The ‘world class’ candidate

The CDIO will be more powerful than the head of GDS and the CDIO roles in HMRC and DWP –the other leading digital roles in Whitehall, and this is why the make-up of who takes up the position is crucial. There has been a resurgence of IT roles in government over digital people in central government, which could dictate whether Whitehall hires someone with a CIO mind, or someone who is more digitally minded.

Campbell suggests that permanent secretary level roles usually go to civil service lifers, rather than deep experts in their field, so it would be interesting to see if someone who is currently in government could be considered. As well as Pritchard, other candidates could include Tom Read, the chief digital officer at the Ministry of Justice, Karl Hoods, chief digital and information officer at the Department for Business, Energy and Industrial Strategy and Jacky Wright, chief digital and information officer at HMRC.
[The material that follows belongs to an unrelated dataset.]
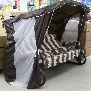 Комплектация: диван: спинка + сидение с оборкой - цельный диван (один элемент), подголовник на диван; два подлокотника, четыре декоративные подушки 40*30 см, два пластиковых подстаканника, антимоскиткная сетка с зановеской из ткани тента

Dr Evans, who is also chief digital officer of the North East and North Cumbria Integrated Care System, said that the selected candidate should have an appropriate understanding of the different government departments.

There needs to be a degree of caution as there are some nuances in health that are not 100% applicable to other sectors, so an understanding of the domains and departments is crucial

Campbell believes the role is for someone who can lead, set vision, convene and overcome the divide in IT and digital worlds, as well as creating a voice for digital at the highest level in government. 

He said:

This is a great aspiration but this sort of role, which is common in Australia, has really struggled to live up to that aspiration elsewhere.

But as with any senior role, this is a two-way street. The prospective CDIO is likely to seek assurances from the hiring managers about what they’re actually able to do.

According to Shetler, this would include basic questions such as: what changes to the funding, governance and portfolio issues have already been agreed, what happens to GDS, and what is the role of the Department for Digital, Culture, Media & Sport (DCMS).

He said:

Right now, there really is no governance, no government IT or digital strategy, no overall architecture to work within, no clear ideas of the role of the centre and the departments and agencies in delivery, no cross-governmental user journeys, no portfolio management, no standardised approaches to funding that allow for the understanding the need for different methodologies – and deliverables – in different parts of programmes or between different types of projects.

It’s really all over the shop and appears quite fragmented to an outside observer like me – that’s why the new role is potentially so intriguing .

My take 

Intriguing it is – and with applications for the role only open until 9am on 7 October, there’s only a matter of time until we see if the government can find the right calibre of candidate, and whether it can provide the candidate with the powers necessary to make the role a success.